In January 2023, I embarked on a new journey as a Data Engineer with Quantexa, a dynamic fintech company founded in 2016. Renowned for its ground-breaking work in advanced network analytics and dynamic entity resolution, Quantexa operates with a vision that better decisions can be made through a greater understanding of context. It’s inspiring to be part of an organization whose pioneering technologies are applied across diverse sectors such as Finance, Insurance, Energy, and Government, generating valuable insights from data and addressing significant business issues like lead generation, customer insight, fraud, and financial crime.

My role at Quantexa has been dynamic and impactful, contributing to the development, testing, and documentation of a wide array of data engineering tools and best practices. These materials have found applications in Quantexa’s software deployments, strengthening the company’s data engineering function and enhancing the quality and efficiency of project delivery.

Despite being relatively new to Scala, I’ve made significant strides in mastering this powerful language during my tenure at Quantexa. With its fundamental role in data processing tasks within big data ecosystems, Scala quickly became a priority in my learning path. My growing proficiency in Scala has already yielded tangible results, with my contributions starting to influence development sprints and code optimization. Whether it’s grappling with complex data problems or working towards system stability, my burgeoning understanding of Scala has been put to good use.

One of my primary responsibilities involves defining big data best practices across the business. With a solid background in big data technologies such as Spark, Hadoop, and Elasticsearch, I’ve been able to bring valuable expertise to the table. My programming skills in Java, Python, and Scala have further enabled me to contribute effectively to the team’s initiatives.

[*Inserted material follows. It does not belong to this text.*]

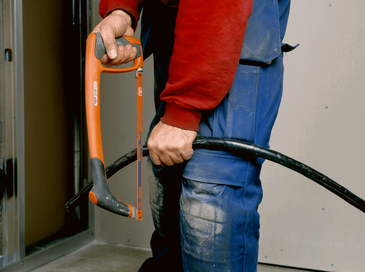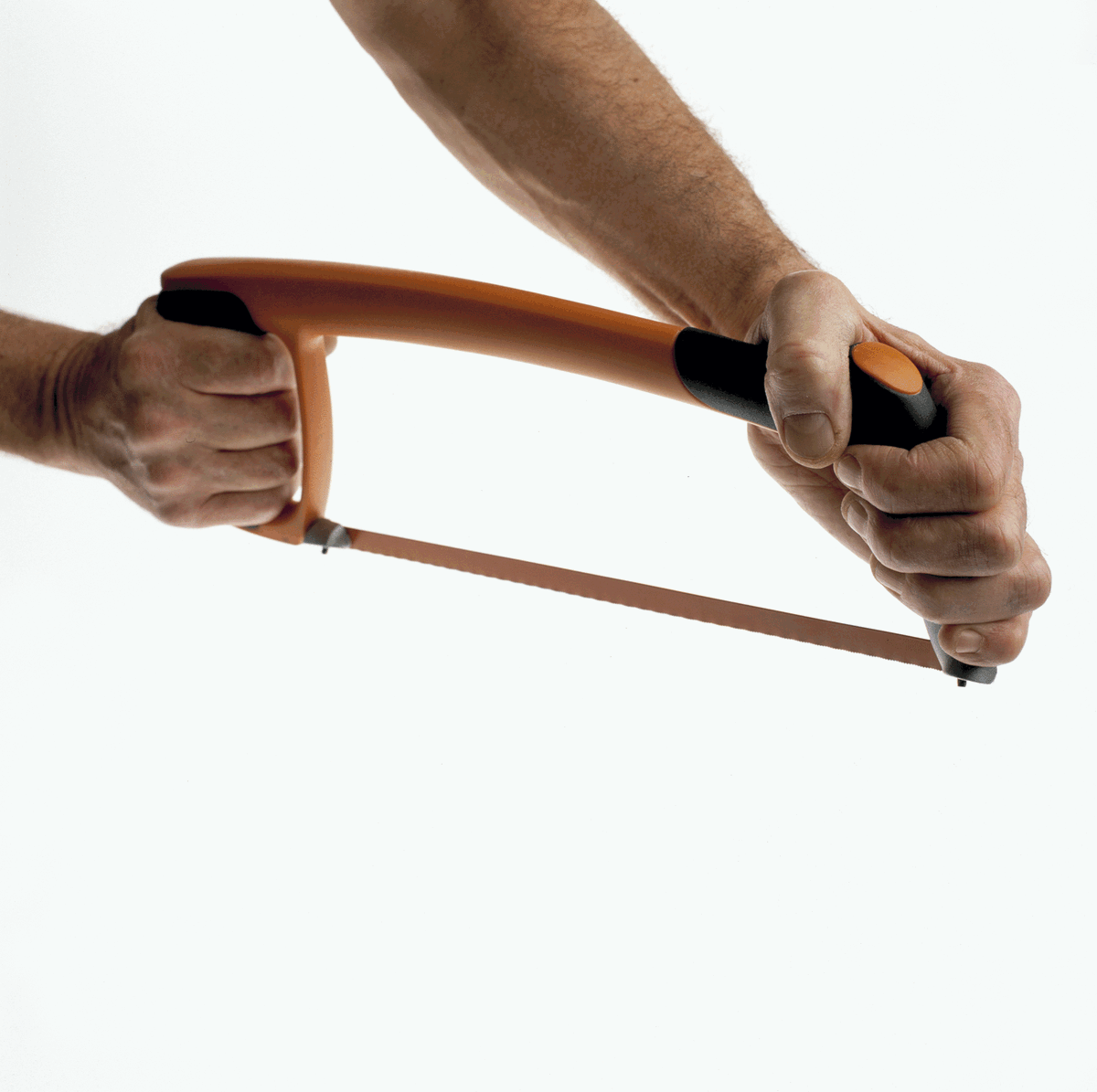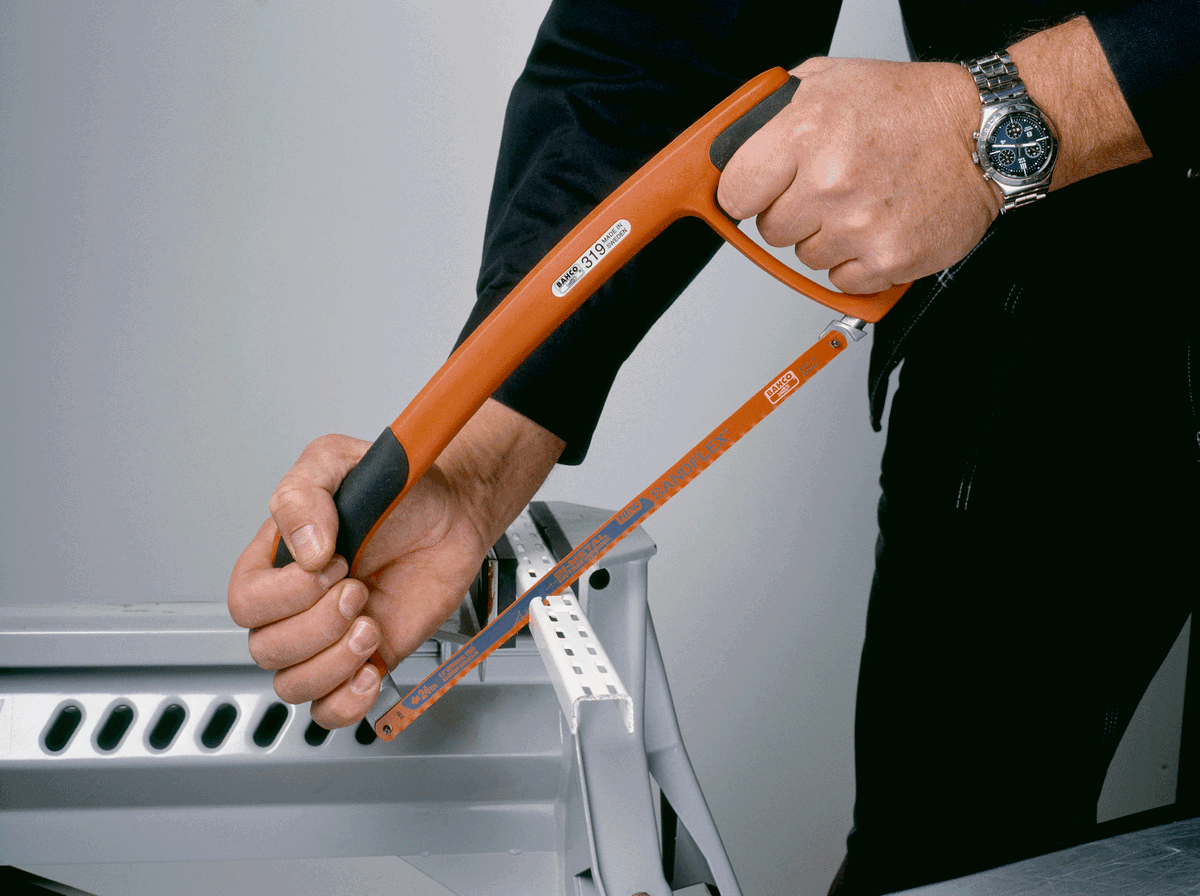 - Arco con centro de acero tubular recubierto en plástico, permitiendo una tensión elevada de la hoja para cortes rectos precisos.

Stakeholder engagement has been a crucial aspect of my role, allowing me to work closely with delivery teams, clients, and partners to provide high-quality solutions. These solutions span both cloud and on-premise environments and cover a variety of tasks including big data processing/ETL pipelines, cleansing, parsing and standardising global datasets, data classification, and entity extraction/resolution.

Building on my accomplishments at Quantexa, I undertook the Quantexa Academy, where I excelled by scoring an impressive 97% and earning the title of Quantexa Certified Data Engineer. My success in the academy has fortified my understanding and expertise in the field. Furthermore, I’ve frequently extended my support to other academy participants and my team, establishing a collaborative learning environment.

My journey at Quantexa is continuously evolving, offering daily opportunities for learning, development, and contribution to the exciting field of data engineering. As this journey continues, I look forward to sharing more updates in due course.